We have many options to improve a ggplot visualization. Let’s start by cleaning up the background using theme_bw(). theme_bw() changes the background from gray to a cleaner black-white style as shown in Figure 4.4.
Use aes(fill = <VARIABLE NAME>) to assign a category to color the counties by. The color palette to fill with is selected in scale_fill_<TYPE> where TYPE can be any of the following categories
binned
brewer
continuous
date or datetime
discrete
fermenter
viridis
First let’s use the default palette for BIR79 to show the county birthrates in 1979. Adding fill = BIR79 to the aes() defaults to the Blues palette. Figure 4.6 shows the result of adding a fill color scale.
Let’s change that to a viridis color scale. The function scale_fill_viridis_c() adds a fancier color-blind viridis palette in a continuous scale. Figure 4.7 shows this color scale option.
We can also add other geoms, like points or labels to this map. Let’s try to label the counties.
The nc dataset has a variable called NAME for the county names. Figure 4.8 shows the figure when we add the county names using the function geom_sf_text().
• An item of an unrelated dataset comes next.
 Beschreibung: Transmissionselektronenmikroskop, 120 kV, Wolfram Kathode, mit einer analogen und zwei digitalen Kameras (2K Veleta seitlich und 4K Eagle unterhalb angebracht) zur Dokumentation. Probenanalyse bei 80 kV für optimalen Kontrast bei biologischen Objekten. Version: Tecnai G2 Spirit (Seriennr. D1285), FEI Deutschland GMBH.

Warning in st_point_on_surface.sfc(sf::st_zm(x)): st_point_on_surface may not
give correct results for longitude/latitude data
There is a lot going on in that function. I made the text white color = ‘white’, the size of the font 1.5 size = 1.5, and added the label aesthetic with aes(label = NAME). If you remove the size or the color, you can see why those alterations were made.
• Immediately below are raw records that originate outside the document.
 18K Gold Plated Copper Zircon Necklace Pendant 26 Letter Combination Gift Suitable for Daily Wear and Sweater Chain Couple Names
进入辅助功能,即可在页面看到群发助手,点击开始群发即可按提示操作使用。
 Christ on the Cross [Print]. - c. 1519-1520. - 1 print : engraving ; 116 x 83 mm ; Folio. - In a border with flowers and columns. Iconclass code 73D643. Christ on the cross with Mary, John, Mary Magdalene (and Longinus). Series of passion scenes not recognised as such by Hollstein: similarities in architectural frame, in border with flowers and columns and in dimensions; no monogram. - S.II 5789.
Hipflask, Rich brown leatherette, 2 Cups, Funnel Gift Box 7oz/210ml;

4.3.3.1 Exercise - Improve the SoCalEJ Visualization
Show a variable (categorical, continuous, or quantile) using a fill option.
Add two or more SoCal locations to the map using geom_point and your locations table. If that is easy, try increasing the salience of the points through size, color, or shape modifications to that layer.
Figure 4.9 shows a potential example of what that might look like.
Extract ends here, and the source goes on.